## The task
Without including any picture, copy the entries that follow word for word.

+---+

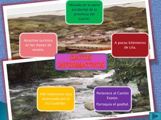 La comunidad de Gualchán se encuentra en la provincia de Carchi, a pocos kilómetros de Lita. Tiene alrededor de 400 habitantes y está atravesada por el río Gualchán. Celebra fiestas el 5 de abril en honor a su patrono San Vicente Ferrer y ofrece atractivos turísticos en los meses de verano cuando los jóvenes y niños se reúnen en los vados del río. Sus principales actividades económicas son la agricultura, ganadería y en menor grado la piscicultura, también produ
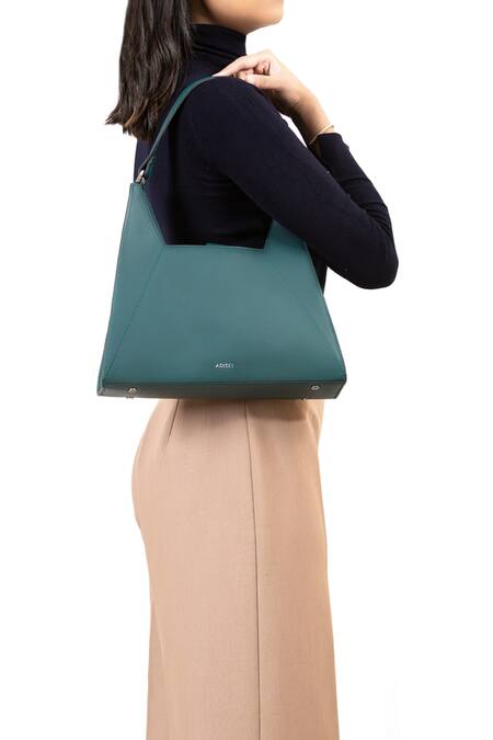 Teal leather structured shoulder bag featuring triangulated geometrical architectural structures
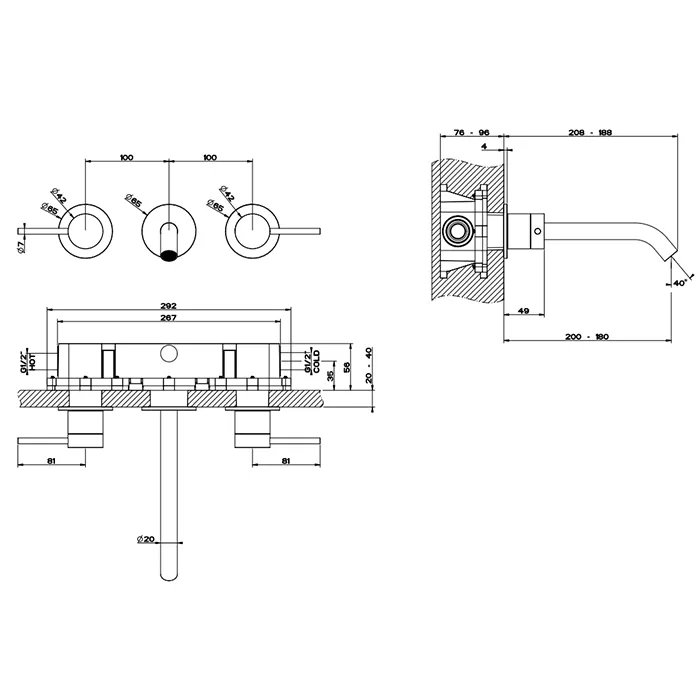 Смеситель для раковины настенный скрытого монтажа на 3 отверстия с длинным изливом FLESSA 707 Black Metal Brushed PVD GESSI
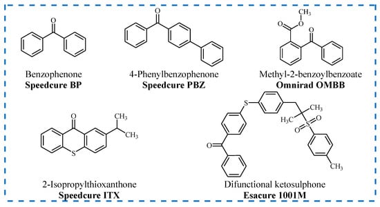 One of the best known type II PIs is benzophenone and its derivatives. Importantly, an appropriate modification of the structure of BP results in the extension of the absorption band to the visible region of the spectrum and an improvement in reactivity. Other significant groups of photoinitiators include camphorquinones and thioxanthones. For example, Speedcure ITX is a high-performance initiator which, in combination with an amine synergist, induces rapid photopolymerization reactions. The most important advantage of this PI is good solubility in most popular organic solvents and monomers as well as intensive absorption. On the other hand, difunctional ketosulphone—known also under commercial trade as Esacure 1001 M—is suitable for all systems where low migration is needed. Moreover, such features as high reactivity, minimal post-curing odor and very low volatile organic compound emission (VOCs) makes it appropriate for use not only in the chemical industry but also in food packaging [62,68].
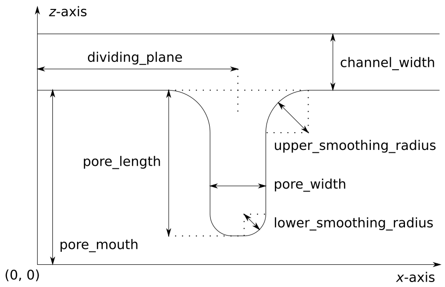 The parameters pore_mouth and dividing_plane specify the location in the z-coordinate resp. x-coordinate of the pore opening.
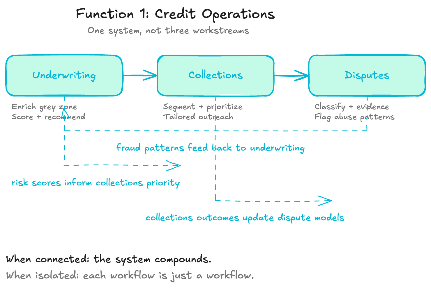 Most BNPL teams use AI in fragments: one workflow here, a copilot there, vertical AI platforms or SaaS everywhere. The result? Isolated gains across silos with no shared data, no feedback loops, no compounding.
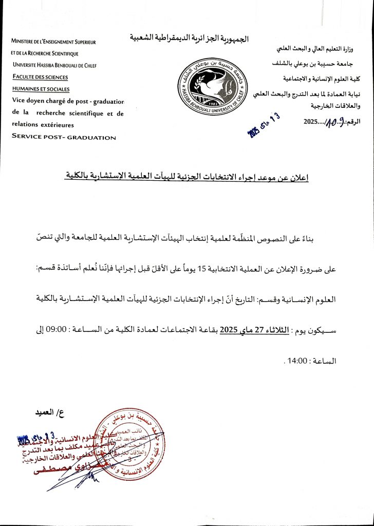 إعلان عن موعد إجراء الإنتخابات الجزئية للهيآت العلمية الإستشارية بالكليةبواسطة zouatenia mhamed / 15 مايو، 2025

+---+

## Response for this exercise
 La comunidad de Gualchán se encuentra en la provincia de Carchi, a pocos kilómetros de Lita. Tiene alrededor de 400 habitantes y está atravesada por el río Gualchán. Celebra fiestas el 5 de abril en honor a su patrono San Vicente Ferrer y ofrece atractivos turísticos en los meses de verano cuando los jóvenes y niños se reúnen en los vados del río. Sus principales actividades económicas son la agricultura, ganadería y en menor grado la piscicultura, también produ
 Teal leather structured shoulder bag featuring triangulated geometrical architectural structures
 Смеситель для раковины настенный скрытого монтажа на 3 отверстия с длинным изливом FLESSA 707 Black Metal Brushed PVD GESSI
 One of the best known type II PIs is benzophenone and its derivatives. Importantly, an appropriate modification of the structure of BP results in the extension of the absorption band to the visible region of the spectrum and an improvement in reactivity. Other significant groups of photoinitiators include camphorquinones and thioxanthones. For example, Speedcure ITX is a high-performance initiator which, in combination with an amine synergist, induces rapid photopolymerization reactions. The most important advantage of this PI is good solubility in most popular organic solvents and monomers as well as intensive absorption. On the other hand, difunctional ketosulphone—known also under commercial trade as Esacure 1001 M—is suitable for all systems where low migration is needed. Moreover, such features as high reactivity, minimal post-curing odor and very low volatile organic compound emission (VOCs) makes it appropriate for use not only in the chemical industry but also in food packaging [62,68].
 The parameters pore_mouth and dividing_plane specify the location in the z-coordinate resp. x-coordinate of the pore opening.
 Most BNPL teams use AI in fragments: one workflow here, a copilot there, vertical AI platforms or SaaS everywhere. The result? Isolated gains across silos with no shared data, no feedback loops, no compounding.
 إعلان عن موعد إجراء الإنتخابات الجزئية للهيآت العلمية الإستشارية بالكليةبواسطة zouatenia mhamed / 15 مايو، 2025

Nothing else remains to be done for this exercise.